To validate the optimized design, I create a virtual prototype of the bionic robot in ADAMS using the determined leg lengths ($l_0 = 50$ mm, $l_1 = 90$ mm, $l_2 = 110$ mm) and gait parameters ($h = 35$ mm, $S = 65$ mm, $T = 0.4$ s). A control simulation is performed with pre-optimized parameters for comparison. The results, depicted in motion plots, indicate that the optimized bionic robot travels 560 mm in 2.4 s, a 73% increase in distance covered compared to the pre-optimized version. Although vertical抖动 slightly increases, the roll, pitch, and yaw angles are reduced, demonstrating enhanced stability. Overall, the optimization boosts both speed and stability, confirming the effectiveness of the bionic robot’s design.

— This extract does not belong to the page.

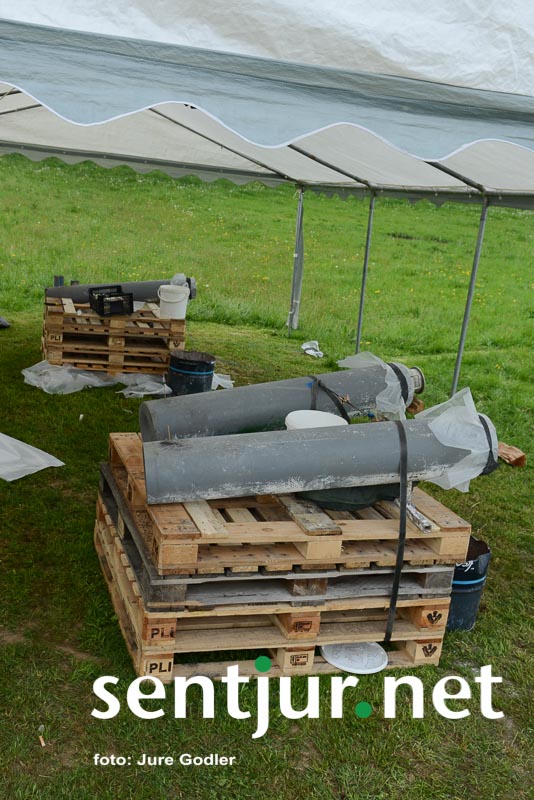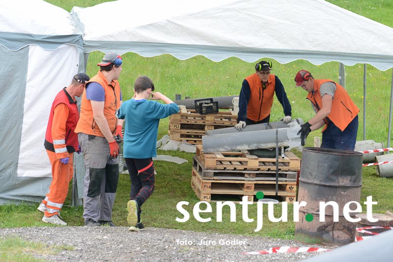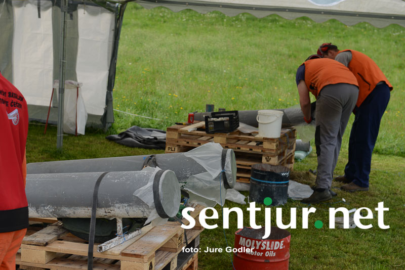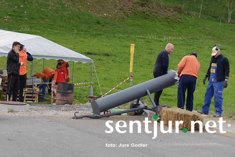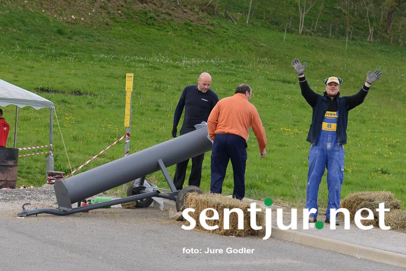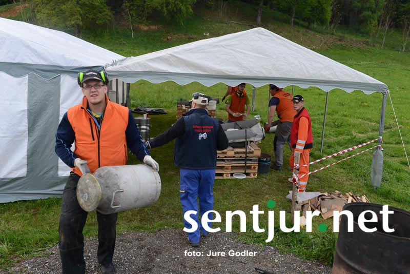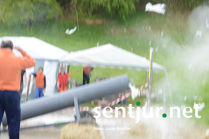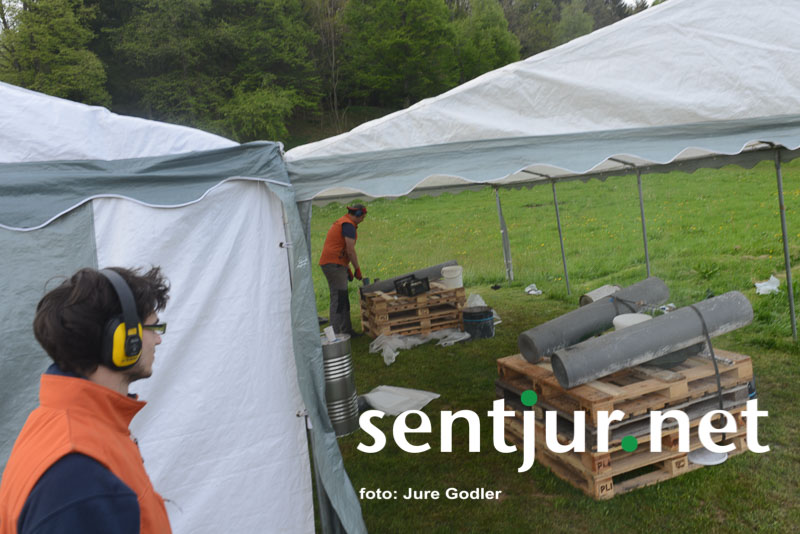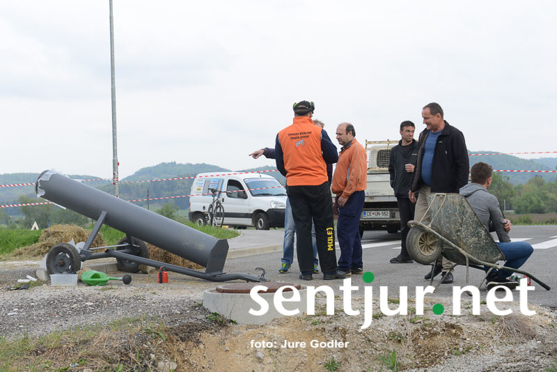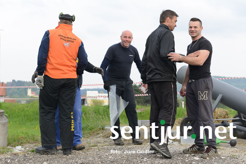 Šentjur, 15. 4. 2017 – Nekateri običaji, povezani z veliko nočjo, so se ohranili vse do danes, nekateri modernejši, kot je velikonočni zajček, pa so se tem običajem pridružili. Ena izmed teh navad je tudi strašenje Boga oz. strašnice, simbolizira pa potres, ki naj bi se zgodil ob času smrti Kristusa na križu. Ta običaj pa zvesto ohranja soseska Ulice Tončke Čečeve in širše. Že kot mladostnika sta Dejan Mulej in Goran Čolović začela pokati na bližnjem hribu z majhnim topom, danes pa je tovrstno njuno pokanje preraslo v pravo artilerijsko obstreljevanje. Trem topovskim cevem in dvema plinskima bombama se je letos pridružila “Debela Berta”, največji top v zbirki. Fantje so ga s pomočjo podjetja KOP sestavljali že mnogo prej in zmontirali nanj celo avtomobilski priklop in ga pripravili za različne nočne lokacije in bujenje Šentjurčanov. Letos so topničarji tudi premaknili divizijo izpred kapelice na bližnji travnik, pokanje pa posvetili Cvetki Mulej – Dejanovi mami, in celo v travo “zabrili” njeno ime. Da pa vse teče, kot bi moralo, je poskrbel Martin Zabukovšek, duhovni vodja topničarjev. Poskrbljeno pa je bilo tudi za primerno hrano in pijačo, saj se na Mulej-Čolovićevih strašnicah zbere dobesedno celotna ulica. (Jure Godler)

In conclusion, this work presents a bionic robot inspired by turtle crawling and goat walking, capable of dual-mode locomotion for diverse terrains. Through kinematic modeling and parameter optimization, I derive optimal leg dimensions and gait parameters that maximize foot workspace and balance speed with stability. The use of MATLAB for analysis and ADAMS for simulation validates the improvements, showing significant gains in performance. Future research could explore dynamic control strategies or incorporate sensors for adaptive gait adjustment. This bionic robot exemplifies how bio-inspired design can address real-world robotics challenges, paving the way for more versatile and efficient machines.